A coyote den near the Niven Lake neighbourhood | Jay Legere

‘There’s safety here’

Despite the rebirth of rivalry with coyotes, Sangris has no plans to trap them. He says the market just isn’t there right now, and it takes a lot of work to properly clean and prepare a pelt, making it not worth the effort. Even the coyotes that roam N’Dilo are of no interest to him.

“The coyotes that come into the community don’t cause a lot of problems. I think they are looking for food in garbage cans and trappers that keep carcasses in their warehouse,” Sangris says. 

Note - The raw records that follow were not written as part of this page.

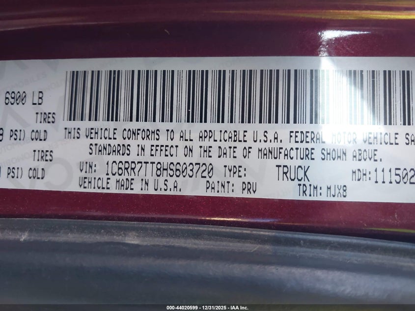 VIN: 1C6RR7TT8HS603720
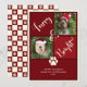 Introducing the Furry And Bright Red Photo Collage Dog Holiday Card – the perfect way for pet lovers to send festive greetings! The front showcases two customisable photo slots to feature your dogs, with elegant script text spelling out "Furry & Bright" for a touch of seasonal charm. The back features a playful red and cream chequerboard paw print pattern, adding a unique flair. Ideal for dog parents, this card is fully customisable to include your furry friends, making it a special keepsake for the holidays! The current photos are placeholders—please replace them with your own photo to make this card uniquely yours. Happy Ann Designs.
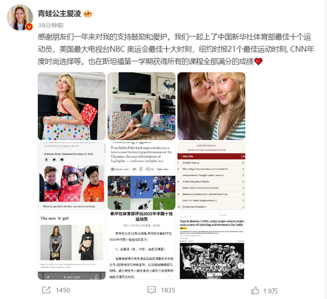 26日,谷爱凌在社交媒体上晒出多张图片,感谢朋友们一年来的支持、鼓励和爱护,并回顾了2022年斩获的多个“最佳时刻”。此外,她也向粉丝们报喜,“在斯坦福第一学期所有的课程满分。”
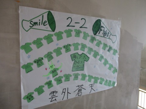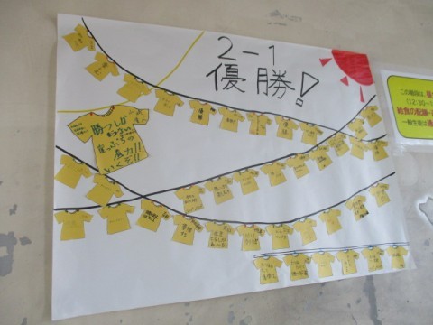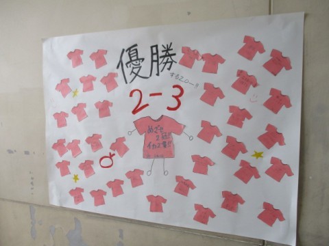 体育大会の成功に向けて、抱負を寄せ書き風にした掲示物が
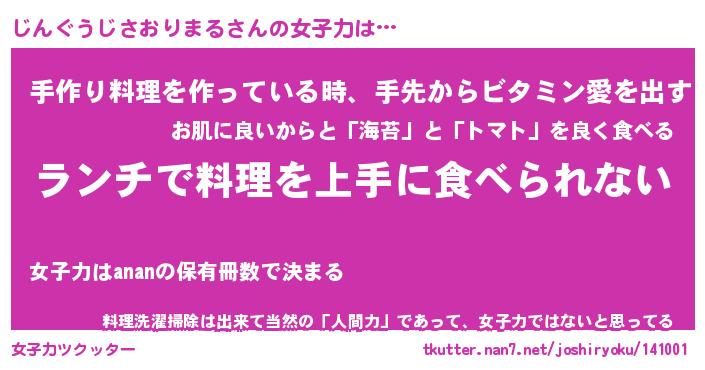 | 男性向けラノベタイトル風あだ名 | 『ジングウジサオリマルアートオンライン』 |
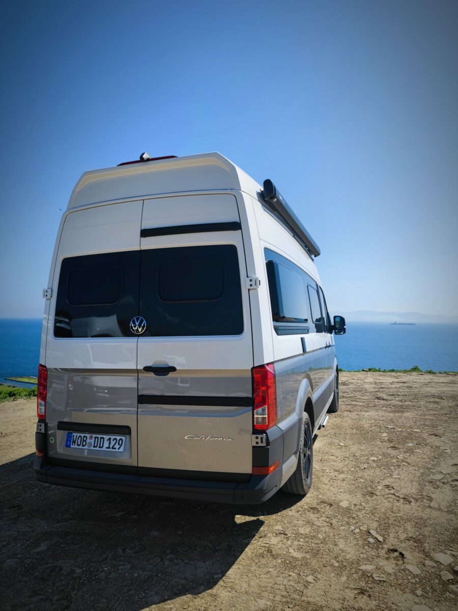 Are la bază un Volkswagen Crafter și este perfect optimizat din toate punctele de vedere, pentru că s-a născut autorulotă direct din uzina VW, nu a fost adaptat de o altă companie. Există patru locuri, cele din față putând fi rotite la 180° în câteva secunde, cu efort minim, iar cele din spate sunt grupate pe o băncuță, în stânga. Dacă le așeza față-n față, poți monta între ele și o măsuță pe care o găsești depozitată în portbagaj, sub pat, pentru a mânca la interior, dacă vremea de-afară este capricioasă, creând atmosfera perfectă pentru un nomad sociabil. Sau poți asambla măsuța afară, sub marchiza extensibilă, savurând în aer liber cafeluța aburindă.

“But there’s a lot of sled dogs in this area, too, and that keeps coyotes a safe distance from their homes. There’s enough people in the community that everybody is watching what goes on, especially when kids are going to school in the morning. There’s safety here.”

With trappers and resource officers reluctant to remove the nearby coyotes, the pressure is now on residents of Yellowknife and N’Dilo to keep the animals out of their neighbourhoods.

A few coyote control tips:

  • Store your garbage in a sealed container and a secure area until garbage pickup day. 
  • Never approach or feed coyotes. 
  • If you are approached by a coyote, make yourself appear larger and as aggressive as possible; shout in a loud voice and clap your hands together. 
  • Never run from or turn your back on a coyote.